登り梁・垂木の製材の写真を送ってくれました。
西宮の家では、LDKの室内に登り梁を幅60mm高さ150mmが455mm間隔で見えるようにしました。
天井がすっきりきれいに見えるように、登り梁には節の少ない木を製材側にお願いしました。
節の少ない木の製材過程は
節の多少を気にしない下地材(一等材)とは全く違うのです。
ちょっと登り梁の製材写真で見てみると、
幅60mm高さ150mmの登り梁ですが、実際の木はとても大きな丸太から節がない部分を贅沢に木取りをしていくのです。
とても贅沢な感じがします。
丸太の断面をじっくり見てみると、かなり目が詰まっていて(年輪と年輪の間が狭い)年輪を数えてみると60個つまり約60~70年生だとわかりました。
戦後すぐに植えられた木がこうして今回の家づくりに使うことになるのですが、考え深いですね。
目が詰まってる(年輪と年輪の隙間が小さい)ということは一年に育つ量が小さいということなのですが、家づくりに使う木としては、目が詰まった木を使う方が強度も高いのです。
丸太の大きさで強度の大小が決まるわけではなく、年輪が詰まっているつまり育った年数の方が関係深いです。

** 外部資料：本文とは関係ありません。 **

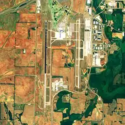 The airport covers 6,000 acres (2,428 ha) at an elevation of 629 feet (192 m). It has two asphalt runways: 18R/36L is 12,600 by 150 feet (3,840 x 46 m) and 18L/36R is 10,001 by 150 feet (3,048 x 46 m).[16] In the year ending December 31, 2019, the airport had 70,816 aircraft operations which averaged about 194 flights per day.
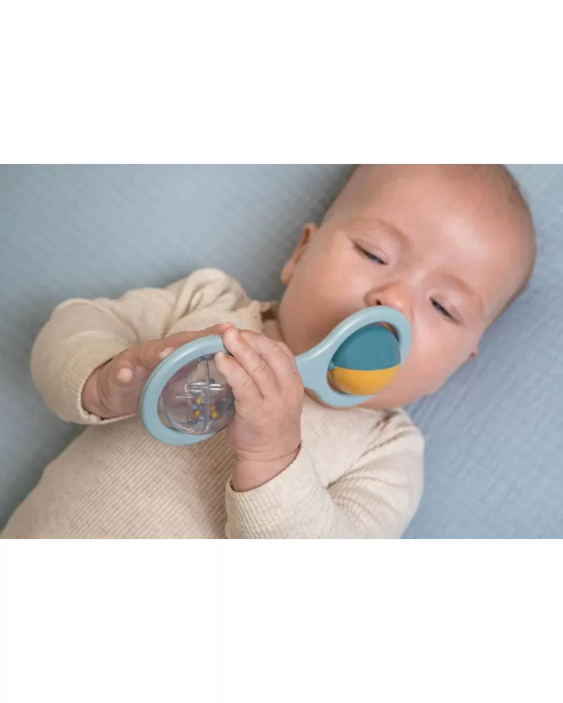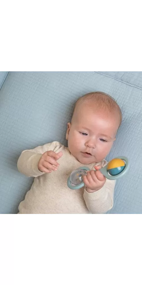 Chrastítko se dvěma otáčejícími se kuličkami je ideální jako první hračka pro vaše miminko. Pozornost dítěte upoutají chrasticí korálky v průhledné kuličce i střídající se barvy při otáčení dvoubarevné kuličky. Chrastítko má tvar pro snadné uchopení malými dětskými ručičkami.

木に枝があるように、当然のように家づくりに使う木にも節があるのですが、木をどのように切断するかによって節の少ないキレイな材を得ることができるのです。
どこまで削れば節がでるのか想定しながら、丸太の外側から徐々に加工していくのです。まさしく職人技。
写真のとおり、節がでてきてない。
おみごとです。
60×150の大きさに整形し、表面をキレイにして登り梁の完了です。
残った材は節の具合にもよりますが、家の表面に見えてこない梁や柱、その他下地材などに使われます。
贅沢に木取りをしても、残った丸太を無駄なく利用することも大事で、下地材も同じ木からとれたものを同じ家に使うほうがいいのです。
かなりきれいです。
この材は写真で見る方向には節がないですが、反対側には節があるのです。
部屋からよく見えるところだけを狙ってきれいな面の木を見せるようにしてます。
このように、木をどのように見せるかによって製材の仕方は変わってくるのです。
そして、見てもらった通り、キレイな木に仕上げるにはそれなりの手間が掛ってきます。
ということは節の大小を選ばない一等材とくらべて少々コストも掛ります。
そのため、木においても「適材適所」、木のどこを見せてどこを隠すかメリハリをつけることが肝心だと思います。
木の見せ方をより良くすることは、設計者だけでできることでもなく、製材側とのお互いの取組を理解し、協力がなければできないことだと思います。
顔の見える「国産の木を使った家づくり」だからこそできる唯一のことです。
完成時の写真です。
登り梁が等間隔にきれいに並んでダイナミックで開放的なLDKになったと思います。